Video game movies have, to put it mildly, a mixed history when it comes to making their way from the console to the theater, so it’s no surprise the reactions to the adaptation of the very successful and popular Five Nights at Freddy’s have been decidedly mixed. What has been just a little bit of a surprise has been how much both the general critical consensus that the film isn’t a particularly good movie and the film is a fan-pleasing financial success are, in fact, both true.

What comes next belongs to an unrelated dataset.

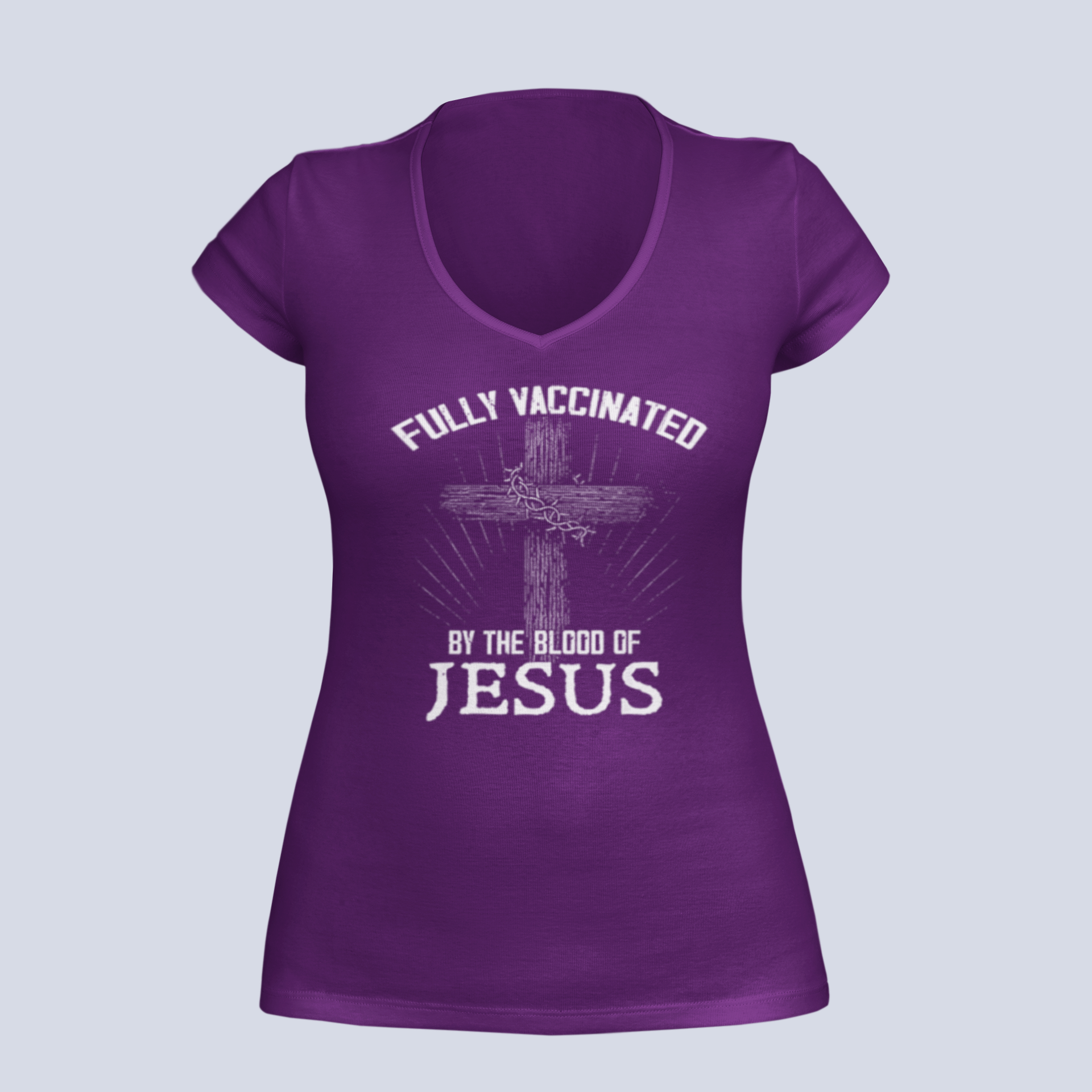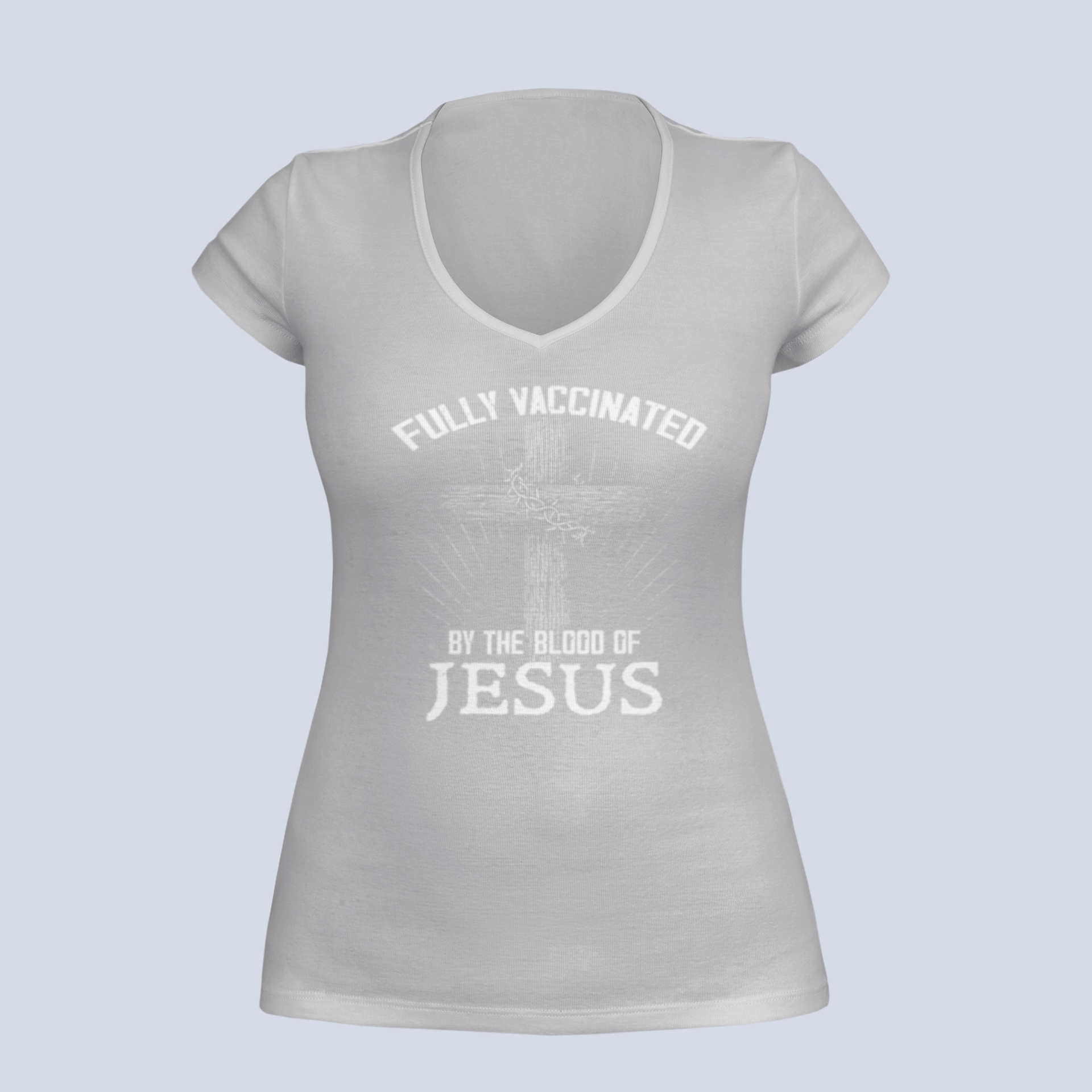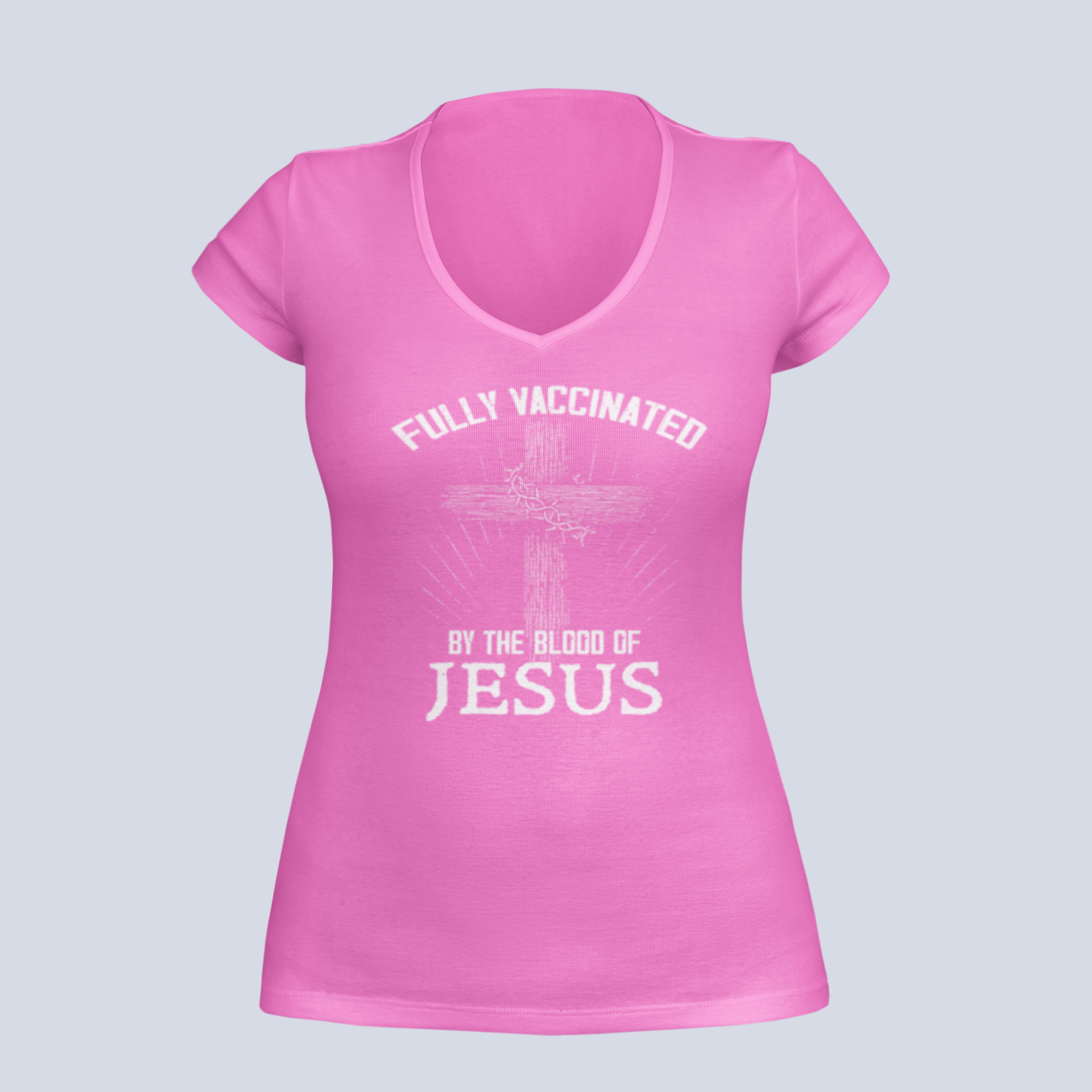 Fully Vaccinated by the Blood of Jesus - T-Shirt - Ladies V-Neck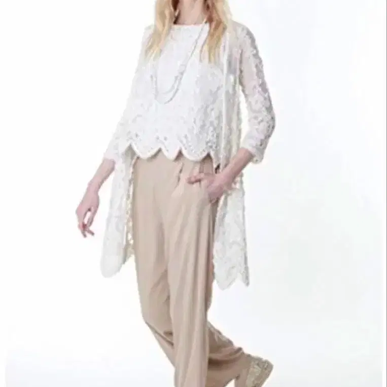 그레이스 콘티넨탈 테이프 자수 레이스 롱 가디건 36

Adapting the first game was always going to be a challenge, to be fair, since the original 2014 game doesn’t actually have much in the way of characters and plot. You play as the silent security guard Mike Schmidt, tasked with making sure that the animatronics at Freddy Fazbear’s Pizza stay safe during the night and do your best to survive the night once they try to kill you through the power of the jump scare. If you make it through the game, you get to enjoy being fired, but hey, at least you’re not dead! In the later games and novels there’s a lot more development of characters, history, and lore, but there’s so much of it that there was no way that any single film could do more than scratch the surface.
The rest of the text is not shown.